In my point of view this implemeting into type composing is just as nonsensical and nasty as it is in speach.
It is unnatural, and will ever be.
18 Feb 2013 — 9:14am
Women are a minority? :-)
Related: http://typophile.com/node/100528
hhp
18 Feb 2013 — 9:44am
> Women are a minority?
very funny.
99 of 100 women don’t care about those things.
18 Feb 2013 — 9:52am
I certainly agree that things like feminism are often usurped to benefit the wrong people. But I also think most women realize they're treated as second-class citizens, and most of them care.
hhp
18 Feb 2013 — 12:07pm
Regardless of all the social concerns, I think this is an excellent idea. In linguistics one often encounters things that are either optional or contextually dependent, surrounded with parentheses. Since parens are mostly cap-height or ascender height, the effect is jarring. See this list of suffixes, for example: ‑ch, ‑k(w), ‑x(w), ‑(ʼ)n, ‑ts.

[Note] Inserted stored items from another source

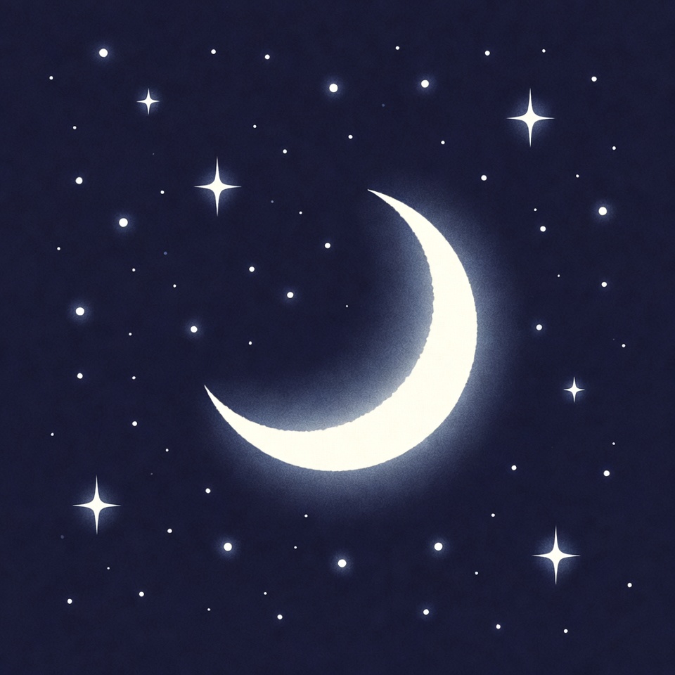 Glowing Crescent Moon with Stars
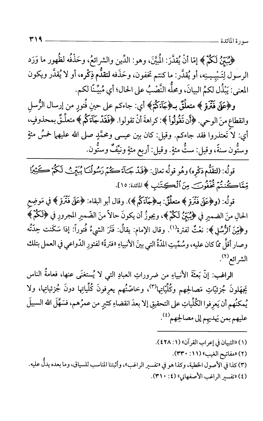 قوله: ({عَلَى فَتْرَةٍ} متعلق: بـ {جَاءَكُمْ}). وقال أبو البقاء: {عَلَى فَتْرَةٍ} في موضع الحال من الضمير في {يُبَيِّنَ لَكُمْ}، ويجوز أن يكون حالاً من الضمير المجرور في {لَكُمْ} و {مِنْ الرُّسُلِ}: نعت لفترة. وقال الإمام: يقال: فتر الشيء فتوراً: إذا سكنت حدته وصار أقل مما كان عليه، وسميت المدة التي بين الأنبياء "فترة" لفتور الدواعي في العمل بتلك الشرائع.
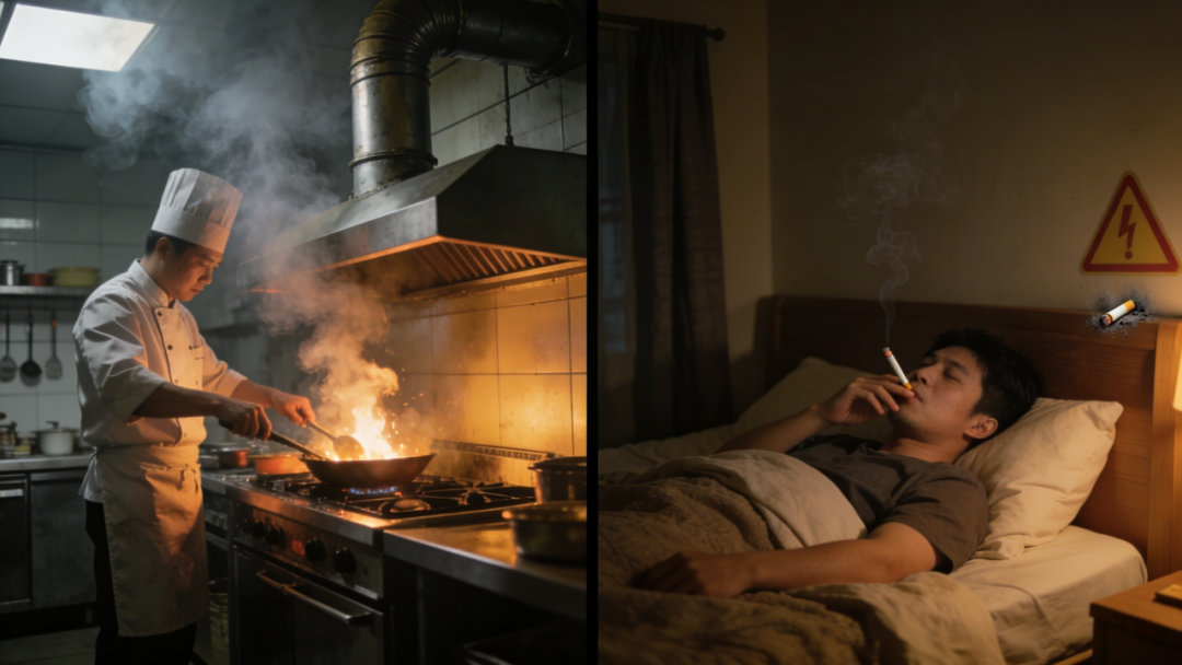 高层建筑内的底商多有餐饮店铺,厨房明火使用频繁,若烟囱管道维护不当、燃气使用不规范,或易燃物靠近火源,极易引发火灾。此外,居民居家卧床吸烟、儿童玩火等明火使用不当行为,也会给高层建筑带来极大火灾风险。
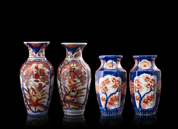 Lotto composto da due coppie di vasi Imari di cui una di forma esagonale Giappo
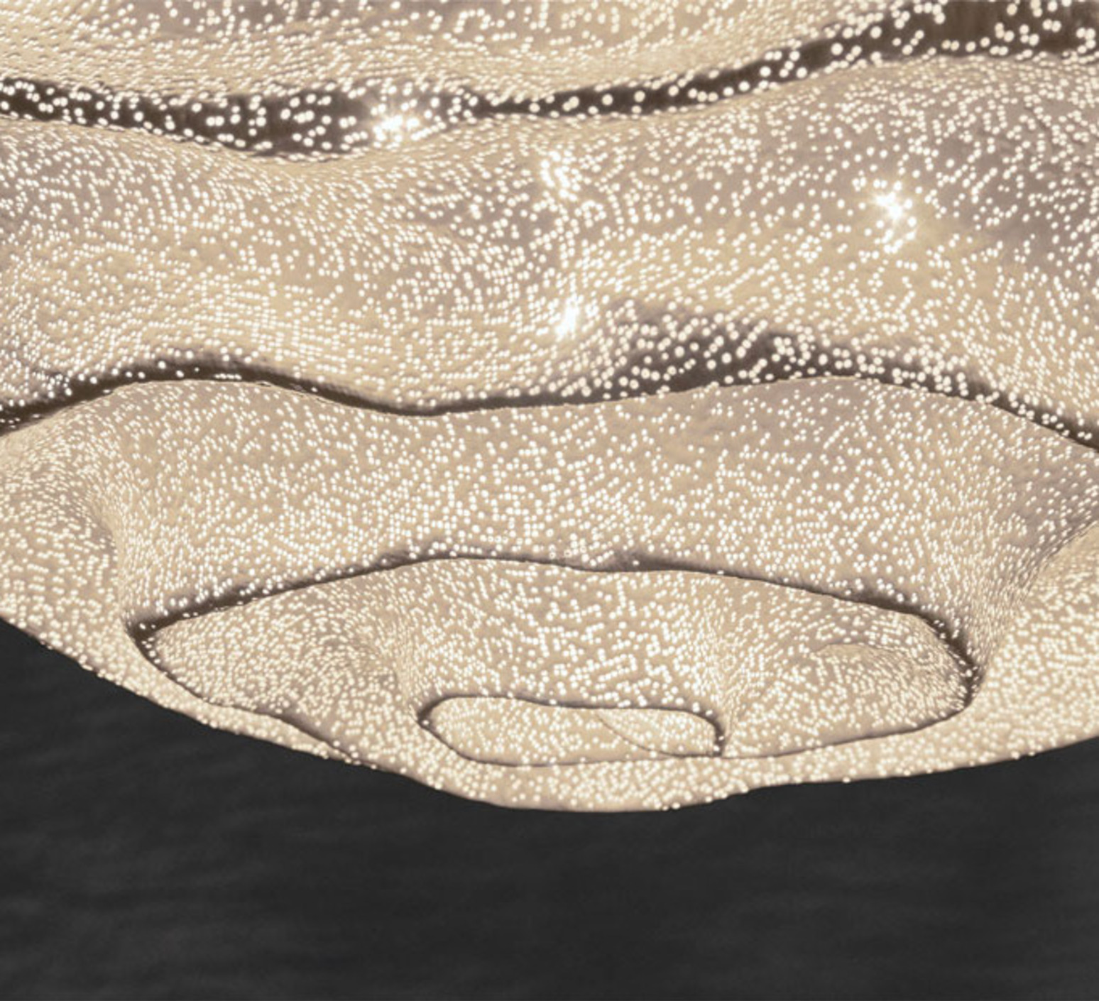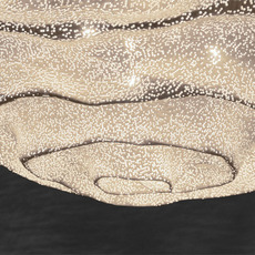 Nevo met en valeur la malléabilité du treillis d'acier peint en blanc, façonné à la main pour former des volumes libres et évolutifs. Ses courbes irrégulières et ses plis structurent une enveloppe ajourée à travers laquelle la lumière se diffuse de manière homogène.

There are pairs of Unicode parens for superscript and subscript elements which are very useful for phonetic transcriptions that use a lot of superscript and – to a lesser extent – subscript modifiers. These are far more readable than their full-sized parenthesis counterparts: ‑k⁽ʷ⁾, ‑tɬ⁽ʹ⁾, tʃ⁽ʰ⁾‑, ‑l⁽ˤ⁾, ‑t₍.₎s‑, ‑ŋ₍₊₎ versus ‑k(ʷ), ‑tɬ(ʼ), tʃ(ʰ)‑, ‑l(ˤ), ‑t(.)s‑, ‑ŋ(₊). (Pretend that those examples are all in an appropriate typeface rather than mangled by your browser.) Having a similar pair of parentheses for x-height elements would be a major typographic improvement, though I imagine it would take some time to catch on given that the superscript and subscript ones are only beginning to see regular use.
18 Feb 2013 — 12:10pm
I should note that I’ve seen attempts before that use parens in a smaller point size. The results are, as one might expect, less than ideal. The parens become too spindly and not only disrupt the colour but also end up being more easily missed.